А середняк ему отвечает:

– Да как же мне не ругаться, плох урожай, опять напутал Николай Угодник, где нужно было вёдро, он там дождь пустил, где солнце – там мороз.

А старик тот и был сам Николай Угодник. Обиделся Николай Угодник и говорит ему:

– Ну, если я тебе плохо погоду делаю, то вот тебе самоопределение, вот тебе мандат, делай погоду сам.

Обрадовался мужик, сам стал погоду организовывать.

Только убрал он к осени урожай. – плох урожай, совсем плох.

Молотит он и ругается, так ругается, что на дороге проезжие лошади морду отворачивают.
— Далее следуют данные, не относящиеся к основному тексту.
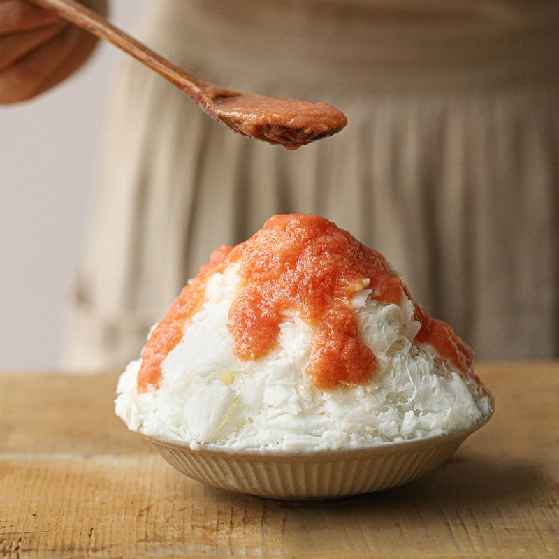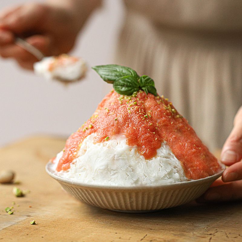 빙수와 불은 절대 만날 수 없는 사이죠. 차가운 얼음에 산뜻한 토마토 퓌레를 올린 토마토 빙수를 만들어 보세요. 갑자기 음악이 떠오르네요. 빙수야~ 토마토 빙수야~ 녹지마 녹지마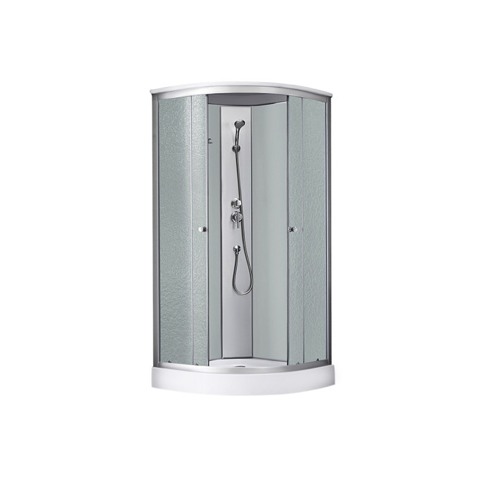 Душовий бокс Kroner KRP Enzo - WD.C.F.F. 90x90 см - це стильне і функціональне рішення для вашої ванної кімнати. Душевой бокс має компактні розміри 90x90 см і форму чверті круга. Ця форма ідеально підходить для ванних кімнат з обмеженим простором. Піддон низький і має висоту всього 145 мм. Виготовлений з високоякісного акрилу, він є міцним і довговічним. Глибина піддону становить 40 мм, забезпечуючи зручність під час прийому душу. Конструкція дверей - розсувна, а матеріал полотна дверей - скло з рифленою текстурою. Це не тільки надає виробу елегантний вигляд, але і забезпечує вашу конфіденційність під час душу. До комплекту душового боксу входить велика кількість необхідних елементів, таких як сифон, двері, ручки, ролики, профіль, кришка, задні стінки, душова панель, змішувач, лійка для ручного душу, лійка для верхнього душу, душовий шланг, кронштейн для ручного душу, шлангове підключення, ніжки, комплект кріпильних деталей та полиця. Це робить його готовим до установки та використання.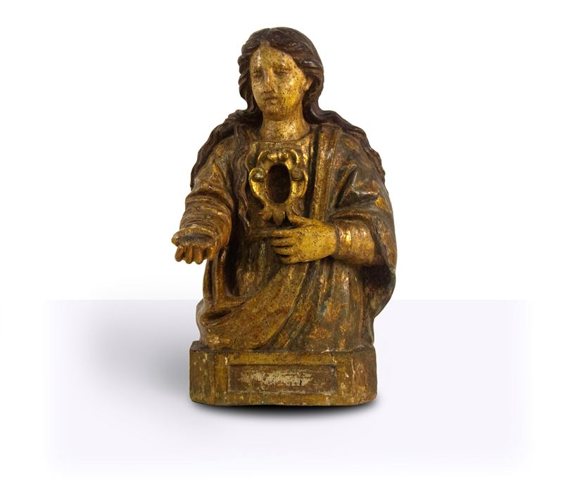 Scultura reliquiario in legno scolpito laccato e dorato, XVII secolo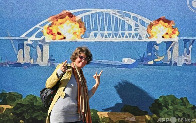 【10月10日 AFP】ウクライナ南部クリミア(Crimea)半島とロシア本土を結ぶクリミア橋で8日、爆発が起きたのを受け、ウクライナの首都キーウ中心部に同日、早くも爆発をモチーフにした切手の大型パネルが登場し、写真撮影する人々の姿が見られた。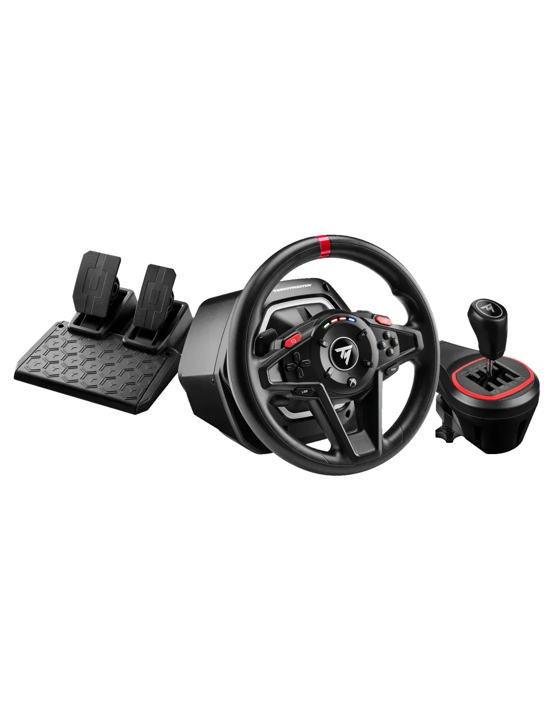 Thrustmaster T128 Shifter Pack. Tipo di dispositivo: Sterzo + Pedali, Piattaforme di gioco supportate: PC, Xbox, Tasti funzione per il controllo del gioco: Pulsante del freno a mano, View button, Setting button, Pulsanti direzionali, Pulsante Menu,.... Tecnologia di connessione: Cablato, Interfaccia dispositivo: USB, Connettore USB: USB tipo-C. Colore del prodotto: Nero. Alimentazione: AC, Voltaggio di ingresso: 100 - 240 V, Corrente d'uscita: 2,6 A. Larghezza: 260 mm, Profondità: 300 mm, Altezza: 280 mm

Идет Николай Угодник, смеется:

– Как урожай?

Ругается середняк так, что в небе пробежалые тучки ахают.

– Да разве это урожай?

– Ну, расскажи мне, как делал погоду?

Рассказал мужик все по параграфам.

Смеется Угодник:

– А ветер у тебя был?

– Зачем ветер, он только хлеб путает.

– Нужен ветер, без ветра ни рожь, ни пшеница не обсеменятся. Да у тебя, небось, и грозы не было.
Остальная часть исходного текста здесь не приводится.